すると、通常のビューではこの様にUserIDレポートが無効になっているのですが、
UserIDをオンにしたレポートでは、これが「有効」に切り替わっています。
#タグの仕込み方
それでは、実際にUserID機能を使用していきましょう。
仕込みにはGoogle Tag Manager(以下GTM)を使用します。
##変数
まず、変数を登録します
設定 | 値 |
---|---|
種類を選択 | データレイヤーの変数 |
データレイヤーの変数名 | uid |
データレイヤーのバージョン | バージョン2 |
変数の種類がデータレイヤーである必要はないのですが、色々と扱いが楽なので自分はデータレイヤーを使っています。
##タグ
通常のGAのトラッキングタグを仕込む手順と同じなのですが、少しだけパラメータの設定をします。
タグの設定画面の中に「その他のフィールド」というものがあるのですが、
そこに一つ項目の追加を行い、フィールド名を以下のように仕込みます。
フィールド名 | 値 |
---|---|
&uid | {{uid}} |
実際には以下の様なイメージ
{{uid}}と書かれているところが、上記で設定したデータレイヤーの変数部分になります。
##Webサイトの仕込み
UserID機能は実際にユーザーを識別できるIDを使用しなければなりません。それはWebサイト側から受け取る必要があるため、その仕込みを最後にします。

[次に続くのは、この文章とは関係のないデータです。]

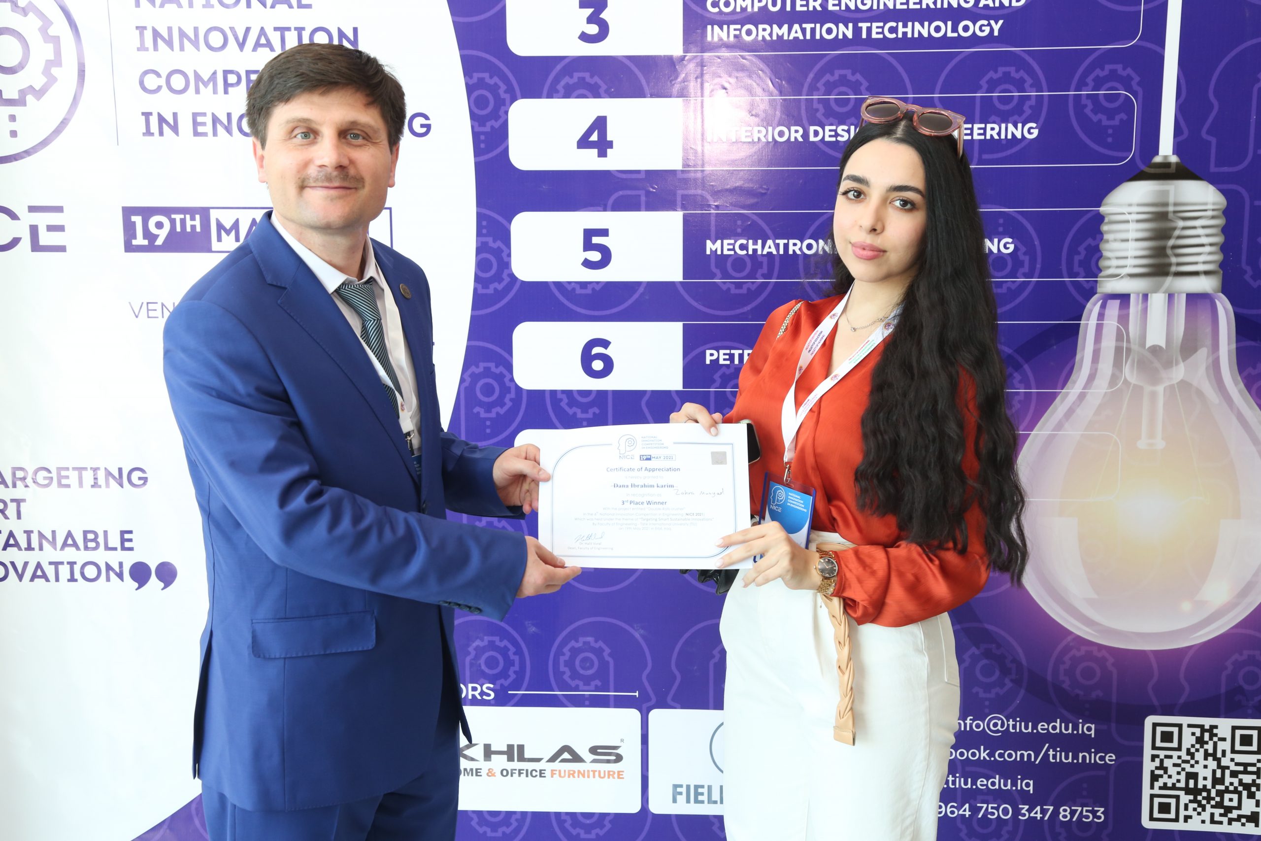 Tishk International University’s 6th National Innovation Competition in Engineering (NICE2021) was held on Wednesday, May 19th, 2021, under the theme of “Targeting Smart Sustainable Innovations.”

先ほど、ユーザーIDはデータレイヤー変数の「uid」という名前に設定をしました。
なので、この「uid」の変数にユーザーIDを格納します。
※注意※
uidに格納するユーザーを識別できる項目は個人情報を特定できるものであってはなりません。それはつまり、Emailアドレスであったり、クレジットカード番号であったりです。それを使うとGoogleの規約に違反したことになります。会員番号など、見ただけではその人を特定できないようなデータを使用しましょう。ちなみに、暗号化やハッシュ化したものであっても、それを復号化しすると個人の情報がわかるものであればアウトです。気をつけましょう。
具体的にはこんな感じです。
(これはPHPの一例です)
<?php if(!empty($userId)){ ?>
<script>
dataLayer = [{
'uid': '<?php echo $userId;?>'
}];
</script>
<?php } ?>
<!-- Google Tag Managerのコンテナタグ -->
<noscript><iframe src="//www.googletagmanager.com/ns.html?id=GTM-XXXXXX" height="0" width="0" style="display:none;visibility:hidden"></iframe></noscript>
<script>(function(w,d,s,l,i){w[l]=w[l]||[];w[l].push({'gtm.start':new Date().getTime(),event:'gtm.js'});var f=d.getElementsByTagName(s)[0],j=d.createElement(s),dl=l!='dataLayer'?'&l='+l:'';j.async=true;j.src='//www.googletagmanager.com/gtm.js?id='+i+dl;f.parentNode.insertBefore(j,f);})(window,document,'script','dataLayer','GTM-XXXXXX');</script>
<!-- End Google Tag Managerのコンテナタグ -->
以上の設定をすることにより、
UserID機能の恩恵を受けることができます!レポート画面では実際にユーザーのかぶり具合(同じユーザーがどれだけ複数のデバイスを使用しているか)を参照することができます。
#余談
カスタムディメンションにも同じようにユーザーIDにあたるものを作成し、uidと同じ値を飛ばすことにより実際にユーザー単位でデータをスライスしてみることができます。
実は、UserID機能の仕込みだけではそのUserID自体をディメンションに設定することはできないのです。ただ上記の設定を全部してしまえば、あとはカスタムディメンションの部分を追加するだけでいいのでそれほど手間はかからないかもです。